Abstract:
This invention relates to dihydrodipicolinate reductase crystals and to methods of growing said crystals. This invention is further directed to the utilization of said crystals to determine the three dimensional structure of dihydrodipicolinate reductase. Compounds which inhibit the activity of dihydrodipicolinate reductase in bacteria and in plants can be developed utilizing the three dimensional structure of dihydrodipicolinate reductase.

Description:
STATEMENT OF GOVERNMENT INTEREST 
     This invention was made with government support under NIH Grant Number AI33696. As such, the government has certain rights in this invention. 
    
    
     FIELD OF THE INVENTION 
     This invention is directed to dihydrodipicolinate reductase crystals and to the three dimensional structure of said crystals. Specifically, this invention is directed to dihydrodipicolinate reductase crystals suitable for x-ray diffraction studies and to a method of producing said dihydrodipicolinate reductase crystals. The crystals are used to determine the three dimensional structure of dihydrodipicolinate reductase.
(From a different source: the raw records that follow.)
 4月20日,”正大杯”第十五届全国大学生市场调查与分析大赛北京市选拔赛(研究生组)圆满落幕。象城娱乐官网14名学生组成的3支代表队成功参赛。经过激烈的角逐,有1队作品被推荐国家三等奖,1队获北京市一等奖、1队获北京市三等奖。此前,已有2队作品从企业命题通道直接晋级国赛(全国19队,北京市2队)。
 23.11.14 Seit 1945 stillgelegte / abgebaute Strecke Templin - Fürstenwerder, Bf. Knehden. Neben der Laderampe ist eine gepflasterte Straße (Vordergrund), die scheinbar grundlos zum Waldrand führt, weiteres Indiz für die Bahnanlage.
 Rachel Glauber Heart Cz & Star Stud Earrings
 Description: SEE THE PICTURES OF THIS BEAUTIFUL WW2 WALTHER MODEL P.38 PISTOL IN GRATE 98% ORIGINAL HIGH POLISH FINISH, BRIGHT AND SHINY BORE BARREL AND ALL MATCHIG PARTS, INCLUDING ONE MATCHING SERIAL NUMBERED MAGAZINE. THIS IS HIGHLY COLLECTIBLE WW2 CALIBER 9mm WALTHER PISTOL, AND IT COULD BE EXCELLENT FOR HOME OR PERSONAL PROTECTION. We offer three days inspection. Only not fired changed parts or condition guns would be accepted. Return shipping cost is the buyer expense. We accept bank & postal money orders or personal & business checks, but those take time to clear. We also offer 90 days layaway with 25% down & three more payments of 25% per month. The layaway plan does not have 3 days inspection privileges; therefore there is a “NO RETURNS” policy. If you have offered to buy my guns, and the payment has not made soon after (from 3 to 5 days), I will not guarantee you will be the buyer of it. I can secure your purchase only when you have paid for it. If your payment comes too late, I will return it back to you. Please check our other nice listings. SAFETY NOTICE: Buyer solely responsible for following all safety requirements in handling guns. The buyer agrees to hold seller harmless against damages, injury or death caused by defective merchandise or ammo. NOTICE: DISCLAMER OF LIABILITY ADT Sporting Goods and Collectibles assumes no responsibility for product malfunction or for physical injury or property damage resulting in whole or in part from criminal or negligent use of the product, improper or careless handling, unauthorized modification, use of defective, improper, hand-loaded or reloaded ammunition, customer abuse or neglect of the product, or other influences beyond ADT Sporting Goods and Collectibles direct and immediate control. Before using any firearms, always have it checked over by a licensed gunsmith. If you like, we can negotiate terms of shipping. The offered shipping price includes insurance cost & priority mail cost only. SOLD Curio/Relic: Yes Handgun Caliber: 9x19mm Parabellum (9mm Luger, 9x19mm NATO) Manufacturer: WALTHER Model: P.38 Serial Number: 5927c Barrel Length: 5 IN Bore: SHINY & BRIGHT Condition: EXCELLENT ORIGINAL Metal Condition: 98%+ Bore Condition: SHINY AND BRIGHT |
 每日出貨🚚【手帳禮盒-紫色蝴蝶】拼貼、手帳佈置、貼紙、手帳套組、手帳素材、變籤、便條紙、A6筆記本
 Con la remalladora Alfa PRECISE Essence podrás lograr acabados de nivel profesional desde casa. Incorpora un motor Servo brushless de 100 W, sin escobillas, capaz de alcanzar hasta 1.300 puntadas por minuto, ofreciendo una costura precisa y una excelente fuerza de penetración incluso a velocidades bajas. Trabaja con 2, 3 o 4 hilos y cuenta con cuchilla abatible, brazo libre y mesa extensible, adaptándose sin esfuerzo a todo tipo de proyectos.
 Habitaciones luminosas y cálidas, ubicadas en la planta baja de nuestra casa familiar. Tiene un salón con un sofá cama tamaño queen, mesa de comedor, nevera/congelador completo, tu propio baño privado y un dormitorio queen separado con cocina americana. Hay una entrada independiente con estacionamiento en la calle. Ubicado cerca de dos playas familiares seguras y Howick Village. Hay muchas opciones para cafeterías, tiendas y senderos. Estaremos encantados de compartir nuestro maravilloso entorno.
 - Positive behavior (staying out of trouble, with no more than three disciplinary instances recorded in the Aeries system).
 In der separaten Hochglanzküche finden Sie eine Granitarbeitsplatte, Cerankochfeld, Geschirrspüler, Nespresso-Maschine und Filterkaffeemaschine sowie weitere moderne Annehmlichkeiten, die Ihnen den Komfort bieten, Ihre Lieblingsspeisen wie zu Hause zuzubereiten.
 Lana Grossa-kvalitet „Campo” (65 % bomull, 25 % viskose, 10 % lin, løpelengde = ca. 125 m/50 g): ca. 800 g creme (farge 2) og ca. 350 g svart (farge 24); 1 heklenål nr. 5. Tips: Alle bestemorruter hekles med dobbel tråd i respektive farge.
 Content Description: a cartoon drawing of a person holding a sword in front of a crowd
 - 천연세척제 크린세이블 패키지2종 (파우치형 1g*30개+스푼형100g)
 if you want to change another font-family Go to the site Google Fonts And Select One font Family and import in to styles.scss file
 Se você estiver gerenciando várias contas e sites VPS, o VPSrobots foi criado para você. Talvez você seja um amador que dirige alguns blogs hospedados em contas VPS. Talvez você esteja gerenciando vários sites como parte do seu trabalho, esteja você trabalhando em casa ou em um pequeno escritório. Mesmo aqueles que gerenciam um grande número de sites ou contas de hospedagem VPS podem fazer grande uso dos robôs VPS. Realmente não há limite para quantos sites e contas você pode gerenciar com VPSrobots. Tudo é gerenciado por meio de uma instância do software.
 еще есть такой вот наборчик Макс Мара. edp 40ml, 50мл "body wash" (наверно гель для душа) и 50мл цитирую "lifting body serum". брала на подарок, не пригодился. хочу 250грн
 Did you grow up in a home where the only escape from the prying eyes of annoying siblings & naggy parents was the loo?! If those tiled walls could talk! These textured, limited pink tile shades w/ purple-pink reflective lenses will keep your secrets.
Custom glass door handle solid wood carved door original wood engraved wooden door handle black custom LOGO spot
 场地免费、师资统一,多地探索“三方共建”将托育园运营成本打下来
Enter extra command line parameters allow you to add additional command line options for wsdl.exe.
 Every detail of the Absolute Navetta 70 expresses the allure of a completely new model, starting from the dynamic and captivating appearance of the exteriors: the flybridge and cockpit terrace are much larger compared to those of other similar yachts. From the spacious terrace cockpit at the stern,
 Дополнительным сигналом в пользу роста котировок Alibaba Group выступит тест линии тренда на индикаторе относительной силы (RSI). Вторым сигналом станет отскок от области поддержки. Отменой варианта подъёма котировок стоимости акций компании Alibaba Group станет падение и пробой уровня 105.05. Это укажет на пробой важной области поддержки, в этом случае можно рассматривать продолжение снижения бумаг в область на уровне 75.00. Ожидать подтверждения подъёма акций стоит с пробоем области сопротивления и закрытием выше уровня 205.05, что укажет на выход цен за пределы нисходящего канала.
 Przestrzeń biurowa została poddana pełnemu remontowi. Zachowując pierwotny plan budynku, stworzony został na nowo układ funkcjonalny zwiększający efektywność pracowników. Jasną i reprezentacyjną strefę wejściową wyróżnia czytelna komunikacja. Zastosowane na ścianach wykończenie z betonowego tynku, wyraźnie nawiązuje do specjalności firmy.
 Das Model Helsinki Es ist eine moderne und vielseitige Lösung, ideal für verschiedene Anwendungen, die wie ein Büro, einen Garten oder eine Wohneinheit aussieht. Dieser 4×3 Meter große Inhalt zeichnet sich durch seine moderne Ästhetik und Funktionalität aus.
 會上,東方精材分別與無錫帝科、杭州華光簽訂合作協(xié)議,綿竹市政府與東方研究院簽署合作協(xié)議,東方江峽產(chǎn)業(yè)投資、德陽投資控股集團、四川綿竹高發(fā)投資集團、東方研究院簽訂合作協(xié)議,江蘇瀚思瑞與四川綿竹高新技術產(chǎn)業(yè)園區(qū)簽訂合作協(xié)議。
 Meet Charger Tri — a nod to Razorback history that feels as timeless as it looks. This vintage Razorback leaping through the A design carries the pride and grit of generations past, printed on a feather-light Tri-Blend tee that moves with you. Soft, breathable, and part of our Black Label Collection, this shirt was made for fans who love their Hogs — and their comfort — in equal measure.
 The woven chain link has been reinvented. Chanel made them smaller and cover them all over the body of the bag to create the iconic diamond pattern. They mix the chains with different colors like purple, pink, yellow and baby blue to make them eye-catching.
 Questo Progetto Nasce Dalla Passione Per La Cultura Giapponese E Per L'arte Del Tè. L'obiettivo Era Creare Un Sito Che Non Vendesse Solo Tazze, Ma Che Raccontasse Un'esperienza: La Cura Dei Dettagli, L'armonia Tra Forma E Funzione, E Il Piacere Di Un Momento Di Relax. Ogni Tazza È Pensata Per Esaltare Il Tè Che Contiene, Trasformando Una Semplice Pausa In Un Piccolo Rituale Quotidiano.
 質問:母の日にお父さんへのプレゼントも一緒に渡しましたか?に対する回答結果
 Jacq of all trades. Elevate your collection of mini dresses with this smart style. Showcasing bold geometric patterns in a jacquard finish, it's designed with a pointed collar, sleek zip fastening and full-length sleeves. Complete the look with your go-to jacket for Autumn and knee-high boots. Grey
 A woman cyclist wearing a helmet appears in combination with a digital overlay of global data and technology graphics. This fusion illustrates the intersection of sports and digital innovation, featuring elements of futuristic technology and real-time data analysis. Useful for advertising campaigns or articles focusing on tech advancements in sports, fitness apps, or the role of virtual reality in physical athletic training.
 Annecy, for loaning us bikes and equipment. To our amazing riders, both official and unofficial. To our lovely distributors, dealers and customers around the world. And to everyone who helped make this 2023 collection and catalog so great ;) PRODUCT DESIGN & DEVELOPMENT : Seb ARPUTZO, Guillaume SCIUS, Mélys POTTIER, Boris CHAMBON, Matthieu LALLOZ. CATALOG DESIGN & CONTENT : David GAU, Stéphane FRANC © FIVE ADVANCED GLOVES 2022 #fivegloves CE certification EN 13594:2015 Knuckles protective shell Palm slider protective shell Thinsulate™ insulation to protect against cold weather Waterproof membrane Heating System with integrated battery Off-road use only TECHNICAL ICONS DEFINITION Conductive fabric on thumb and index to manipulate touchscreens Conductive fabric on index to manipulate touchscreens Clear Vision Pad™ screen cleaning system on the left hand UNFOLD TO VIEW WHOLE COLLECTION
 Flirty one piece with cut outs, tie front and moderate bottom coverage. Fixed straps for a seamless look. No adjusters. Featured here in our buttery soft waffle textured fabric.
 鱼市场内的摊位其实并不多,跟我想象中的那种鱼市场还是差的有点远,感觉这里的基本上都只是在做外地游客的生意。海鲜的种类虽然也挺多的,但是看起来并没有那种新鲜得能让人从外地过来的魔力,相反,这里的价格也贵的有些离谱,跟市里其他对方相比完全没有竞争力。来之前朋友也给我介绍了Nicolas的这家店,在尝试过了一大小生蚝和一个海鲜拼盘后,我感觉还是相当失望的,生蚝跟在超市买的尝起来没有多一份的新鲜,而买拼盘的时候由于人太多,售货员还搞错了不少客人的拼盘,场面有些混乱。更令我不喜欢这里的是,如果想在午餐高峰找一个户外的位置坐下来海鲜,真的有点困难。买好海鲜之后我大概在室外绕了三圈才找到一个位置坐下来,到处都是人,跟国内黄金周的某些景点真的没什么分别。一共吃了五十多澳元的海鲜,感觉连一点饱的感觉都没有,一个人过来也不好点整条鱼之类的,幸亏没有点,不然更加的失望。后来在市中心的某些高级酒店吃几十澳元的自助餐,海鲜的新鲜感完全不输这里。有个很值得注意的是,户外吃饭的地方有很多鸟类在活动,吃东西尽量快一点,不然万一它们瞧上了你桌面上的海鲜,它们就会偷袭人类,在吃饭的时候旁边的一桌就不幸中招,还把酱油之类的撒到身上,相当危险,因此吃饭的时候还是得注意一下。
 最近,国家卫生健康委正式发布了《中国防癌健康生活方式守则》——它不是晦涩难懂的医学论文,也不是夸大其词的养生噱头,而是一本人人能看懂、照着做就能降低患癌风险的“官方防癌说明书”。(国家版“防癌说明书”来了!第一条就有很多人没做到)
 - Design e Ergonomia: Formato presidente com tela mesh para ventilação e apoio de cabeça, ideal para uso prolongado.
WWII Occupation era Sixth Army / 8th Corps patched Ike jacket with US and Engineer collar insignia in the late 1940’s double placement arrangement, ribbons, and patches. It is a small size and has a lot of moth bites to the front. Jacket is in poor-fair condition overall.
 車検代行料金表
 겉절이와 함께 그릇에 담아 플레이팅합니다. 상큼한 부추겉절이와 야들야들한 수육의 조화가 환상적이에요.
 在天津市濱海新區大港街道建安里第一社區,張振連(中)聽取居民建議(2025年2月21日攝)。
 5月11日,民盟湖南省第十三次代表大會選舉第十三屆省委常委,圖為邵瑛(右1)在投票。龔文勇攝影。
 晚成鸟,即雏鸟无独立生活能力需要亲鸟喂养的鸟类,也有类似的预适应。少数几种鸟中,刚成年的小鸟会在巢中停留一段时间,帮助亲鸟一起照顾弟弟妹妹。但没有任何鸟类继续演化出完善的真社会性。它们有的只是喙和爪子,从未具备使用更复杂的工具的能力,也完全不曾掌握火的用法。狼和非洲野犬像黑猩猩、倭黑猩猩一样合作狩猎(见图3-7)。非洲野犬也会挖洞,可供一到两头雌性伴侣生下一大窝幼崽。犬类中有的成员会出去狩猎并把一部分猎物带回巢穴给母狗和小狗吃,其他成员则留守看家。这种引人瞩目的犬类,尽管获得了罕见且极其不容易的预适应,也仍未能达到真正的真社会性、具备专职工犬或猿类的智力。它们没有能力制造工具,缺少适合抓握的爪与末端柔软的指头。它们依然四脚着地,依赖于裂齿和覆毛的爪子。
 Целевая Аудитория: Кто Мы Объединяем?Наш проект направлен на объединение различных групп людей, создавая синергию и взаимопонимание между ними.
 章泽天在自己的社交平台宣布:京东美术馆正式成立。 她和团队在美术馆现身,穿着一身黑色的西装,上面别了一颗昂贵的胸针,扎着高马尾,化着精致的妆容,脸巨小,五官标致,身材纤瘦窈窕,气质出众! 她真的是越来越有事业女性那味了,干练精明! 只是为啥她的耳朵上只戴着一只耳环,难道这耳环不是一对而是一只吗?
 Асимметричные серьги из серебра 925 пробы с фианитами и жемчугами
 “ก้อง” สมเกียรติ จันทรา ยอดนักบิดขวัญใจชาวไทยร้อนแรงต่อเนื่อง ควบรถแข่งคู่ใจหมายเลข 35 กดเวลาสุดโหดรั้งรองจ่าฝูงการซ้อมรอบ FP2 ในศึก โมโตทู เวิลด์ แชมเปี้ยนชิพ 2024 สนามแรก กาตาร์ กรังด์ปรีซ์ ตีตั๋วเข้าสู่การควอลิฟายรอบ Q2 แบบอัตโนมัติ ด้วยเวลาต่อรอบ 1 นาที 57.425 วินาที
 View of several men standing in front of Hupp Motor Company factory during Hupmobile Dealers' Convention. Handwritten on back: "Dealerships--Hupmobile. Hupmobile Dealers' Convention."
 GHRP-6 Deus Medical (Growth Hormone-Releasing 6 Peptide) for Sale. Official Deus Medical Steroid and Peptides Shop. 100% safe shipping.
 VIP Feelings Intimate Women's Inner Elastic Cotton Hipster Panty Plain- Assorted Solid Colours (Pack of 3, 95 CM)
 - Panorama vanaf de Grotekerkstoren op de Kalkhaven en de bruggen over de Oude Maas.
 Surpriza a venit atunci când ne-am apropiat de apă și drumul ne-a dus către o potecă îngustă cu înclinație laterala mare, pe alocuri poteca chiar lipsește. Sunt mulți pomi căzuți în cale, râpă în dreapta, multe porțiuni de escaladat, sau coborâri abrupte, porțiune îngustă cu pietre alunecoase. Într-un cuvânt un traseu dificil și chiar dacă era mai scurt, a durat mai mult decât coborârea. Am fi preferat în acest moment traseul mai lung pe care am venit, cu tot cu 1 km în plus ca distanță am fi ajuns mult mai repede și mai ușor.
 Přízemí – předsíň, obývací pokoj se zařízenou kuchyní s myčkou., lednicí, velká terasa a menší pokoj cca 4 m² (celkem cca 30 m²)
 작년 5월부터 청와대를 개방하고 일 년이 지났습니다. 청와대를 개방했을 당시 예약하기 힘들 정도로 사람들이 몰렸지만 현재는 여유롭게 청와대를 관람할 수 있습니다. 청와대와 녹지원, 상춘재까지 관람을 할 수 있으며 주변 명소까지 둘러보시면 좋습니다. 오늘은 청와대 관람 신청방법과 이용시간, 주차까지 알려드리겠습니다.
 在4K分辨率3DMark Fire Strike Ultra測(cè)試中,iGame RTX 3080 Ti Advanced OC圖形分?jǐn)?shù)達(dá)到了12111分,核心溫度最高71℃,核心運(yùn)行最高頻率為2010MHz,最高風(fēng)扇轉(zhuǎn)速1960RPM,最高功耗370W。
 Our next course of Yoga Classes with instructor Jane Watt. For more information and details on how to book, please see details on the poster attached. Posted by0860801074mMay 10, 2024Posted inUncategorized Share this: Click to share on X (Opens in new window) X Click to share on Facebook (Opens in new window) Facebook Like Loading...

The three dimensional structure of dihydrodipicolinate reductase allows for the development of compounds which inhibit the biochemical activity of dihydrodipicolinate reductase in bacteria and plants. These compounds are administered to treat bacterial infection or as herbicides. 
     BACKGROUND OF THE INVENTION 
     Dihydrodipicolinate reductase (DHPR) is an enzyme constituent of the diaminopimelate-lysine pathway in bacteria and plants. It is a 273 residue polypeptide, with a molecular weight of about 28,000 Da, and has been shown to exist as a tetramer of identical subunits. The enzyme catalyzes the NADPH or NADH-dependent reduction of dihydrodipicolinate: ##STR1## Diaminopimelic acid (DAP) is an essential component of the peptidoglycan layer of bacterial cell walls, and disruption of its biosynthesis results in cell death, most probably due to instability of the peptidoglycan. Nine enzymes, including dihydrodipicolinate reductase, are involved in the biosynthesis of DAP. The presence of these enzymes is essential for the survival of bacteria and plants. These enzymes are absent in mammalian cells. 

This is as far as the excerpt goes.